However, impressions of the relative merits of these data sources vary
widely. Some publishers find server‐side data much more reliable. The
Providence Journal subscribes to comScore, but sees hard‐to‐credit
fluctuations in its online audience from quarter to quarter. As a result, the
paper relies on audits of its server traffic, collected via Omniture, to come
up with its official online readership. The Journal relies on comScore data
mainly for ``product development'' — to gauge the success of niche sites
among particular demographic targets.
Similarly, the Miami Herald uses comScore and also used to subscribe to
Nielsen. But Hirsch reports that his paper’s position in either of the panelbased
rankings varies for no apparent reason. ``I don’t know when to
believe them,'' he says. Meanwhile traffic recorded by the Herald’s own
servers, analyzed with Omniture, tends to match his own editorial sense
of when certain stories, or entire editions, are commanding a great deal of
attention in Miami.
As an example, Hirsch points to January of 2010, the month of the Haitian
earthquake that claimed an estimated 230,000 lives. ``We know our traffic
went through the roof, because of our history of coverage in the region,''
Hirsch says. The paper’s internal figures matched expectations: as
recorded by Omniture, traffic spiked 36 percent over December, to 35
million pageviews, while unique visitors jumped 11 percent, to almost 6
million people. Meanwhile, though, comScore recorded less than half as
much traffic for January, and fewer than an third as many unique visitors.
percent the month of the earthquake — and falling again in February,
despite the fact that Miami hosted the Super Bowl that month.
At larger national papers, the story is somewhat different. The Washington
Post relies on both comScore and Nielsen data to understand how it fares
against major competitors online, while also using server‐side traffic
figures for internal strategic analysis. Managing editor Raju Narisetti
acknowledges that the cacophony of competing measurements has been a
serious issue, with both the panels undercounting the Post’s audience.

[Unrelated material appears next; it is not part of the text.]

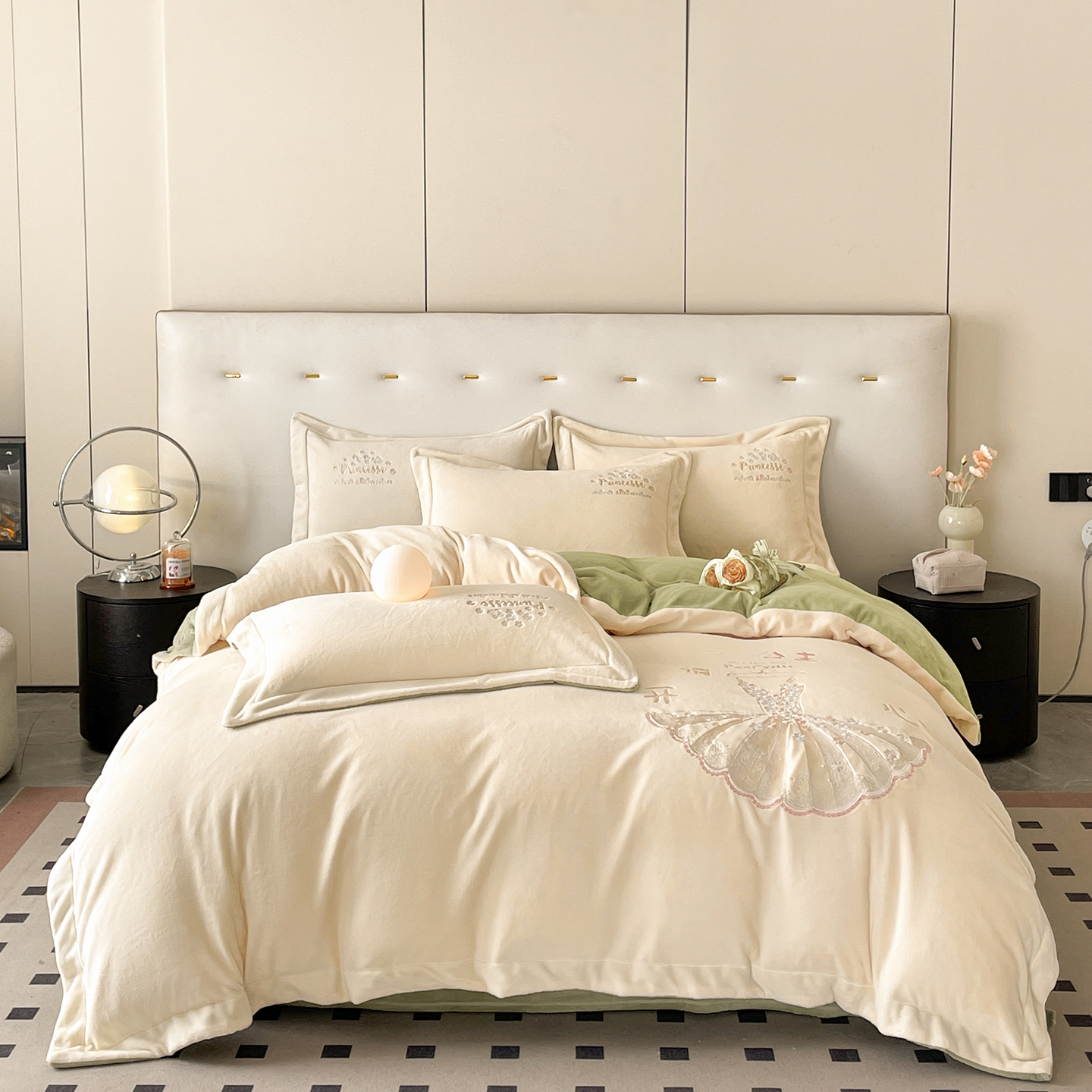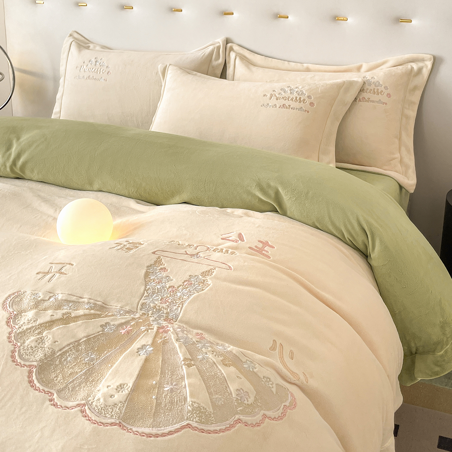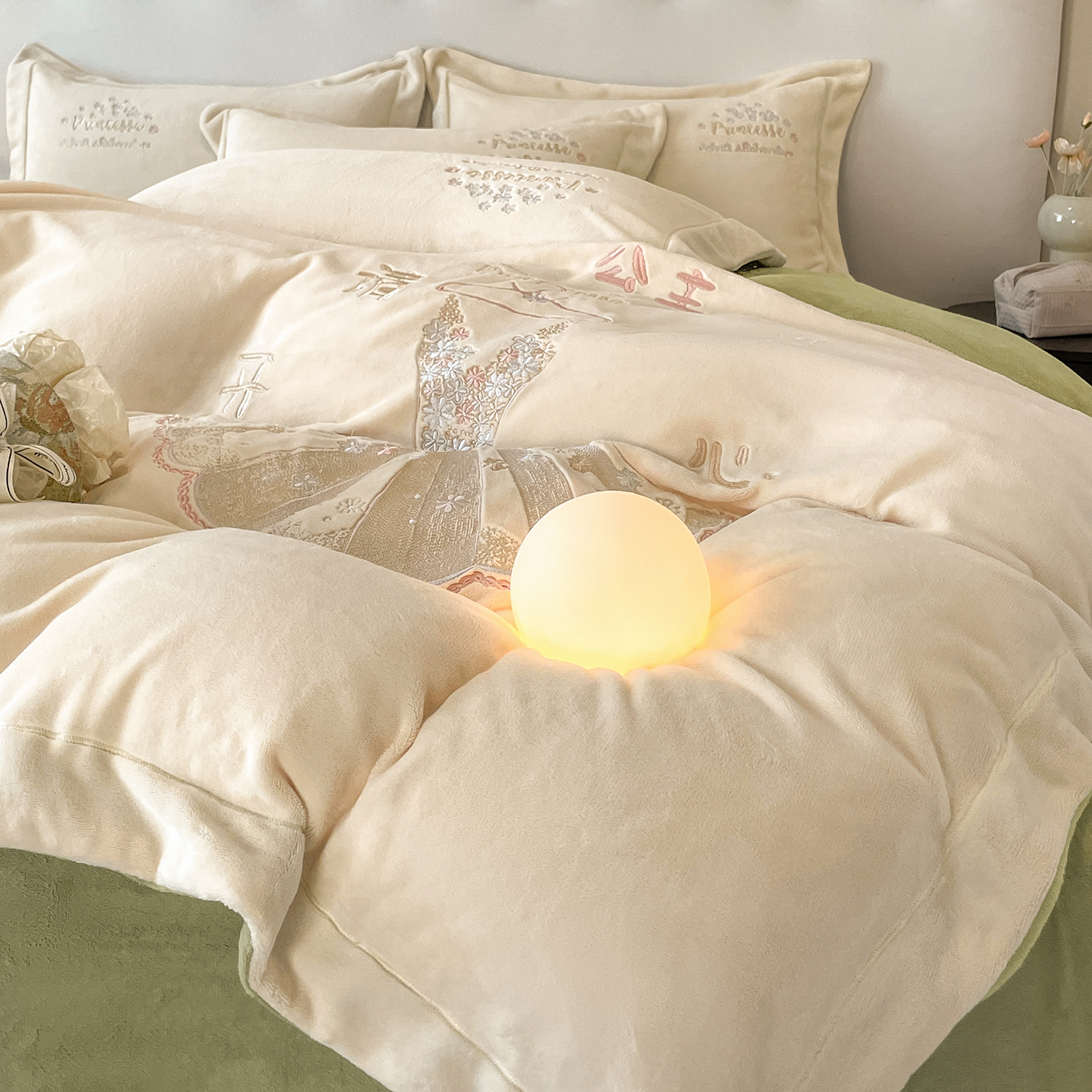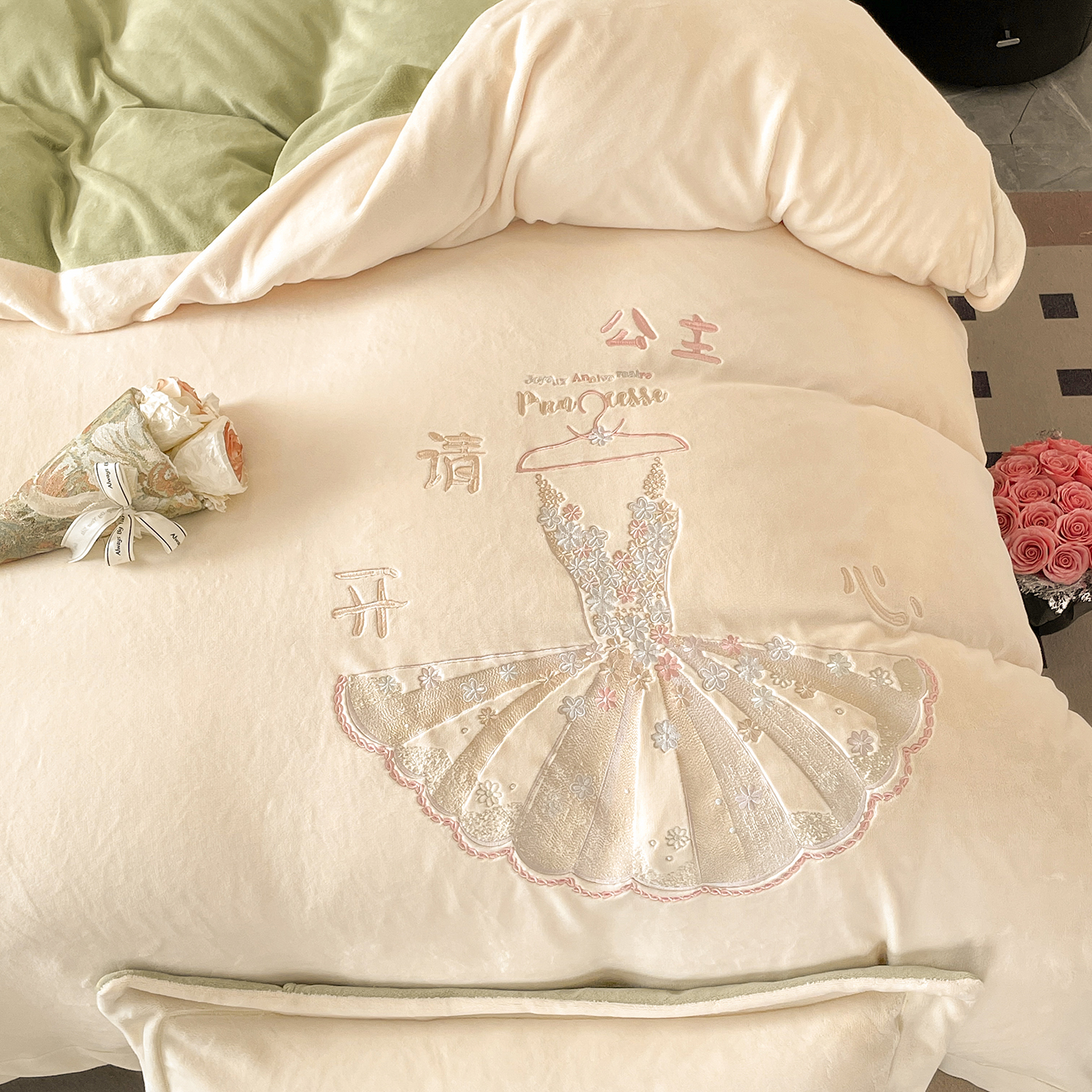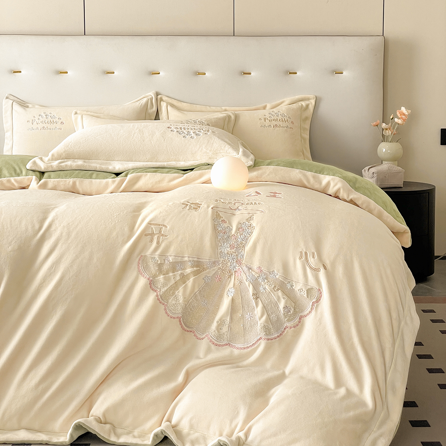 新方向 2025新款全消光A类牛奶绒四件套-公主请开心2 公主请开心-奶白

``However, over time you can recognize the strengths and weaknesses of
each and start to understand how one approach relates to the other,'' he
explains. ``It is less of an issue now'' — in part because of the hybrid
measures in the works from comScore and Nielsen, which bring these
audience estimates closer to internal data.
The Wall Street Journal subscribes to Nielsen, comScore, and Hitwise, in
addition to using Omniture for server‐side analysis. Kate Downey, the
paper’s director of ``audience analytics & insights,'' observes that the
Nielsen and comScore ratings of wsj.com rarely agree with each other, or
with the Journal’s own records. However, she emphasizes that server data
is also unreliable and prone to double‐counting; to make their case to
advertisers, salespeople rely mainly on demographic data from the panels
and on the Journal’s own registration records (all the more valuable since
much of the site is behind a paywall). She appreciates having multiple
sources of data at her disposal, each with its own strengths and
weaknesses, and suspects that many of her peers at other papers agree.

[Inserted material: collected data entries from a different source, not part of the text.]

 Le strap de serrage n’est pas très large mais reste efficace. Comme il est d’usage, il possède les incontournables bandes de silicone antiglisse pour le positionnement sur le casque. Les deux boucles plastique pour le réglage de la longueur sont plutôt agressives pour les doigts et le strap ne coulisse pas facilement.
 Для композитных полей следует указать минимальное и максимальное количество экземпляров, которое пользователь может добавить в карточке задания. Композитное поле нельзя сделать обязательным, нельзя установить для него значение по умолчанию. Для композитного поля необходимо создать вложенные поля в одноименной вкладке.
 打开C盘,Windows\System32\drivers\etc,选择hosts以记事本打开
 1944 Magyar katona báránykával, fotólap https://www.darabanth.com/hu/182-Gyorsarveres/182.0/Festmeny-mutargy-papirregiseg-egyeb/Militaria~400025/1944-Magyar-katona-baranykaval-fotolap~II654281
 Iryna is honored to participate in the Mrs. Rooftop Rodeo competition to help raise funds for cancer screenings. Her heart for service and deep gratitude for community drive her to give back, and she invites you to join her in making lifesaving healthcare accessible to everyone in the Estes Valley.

``People use whatever numbers look good that month. It gives publishers
some flexibility,'' Downey explains. ``I think if everybody had the same
numbers, we would hate that even more.''
Talking Points Memo sees the same dramatic divergence in audience
estimates. Google Analytics counted 1.8 million unique visitors for a
recent 30‐day span, while comScore typically gives it in the neighborhood
of 300,000 visitors per month. But unlike its peers in the newspaper
business, TPM’s response is to ignore the panels outright — the site
subscribes to neither comScore nor Nielsen, counting on advertisers and
agencies to supply panel‐based figures if they consider them necessary to
the conversation. (For demographic data, TPM relies on its own, voluntary
audience surveys; every six months or so founder Josh Marshall issues an
appeal to readers, culling about 1,000 responses within 12 hours.)
``The panel‐based numbers are atrocious,'' says Karimkhany flatly,
pointing out that most of TPM’s traffic comes from the workplace, which
the panels don’t capture well. ``But as long as they’re equally inaccurate
for our competitors, it’s okay. It’s something we live with.''
\section{The controversy over ``unique visitors''}
Within the measurement industry, this overabundance of information
works itself out in periodic disputes over data — disputes over what
information is most important, and over best how to define or collect it.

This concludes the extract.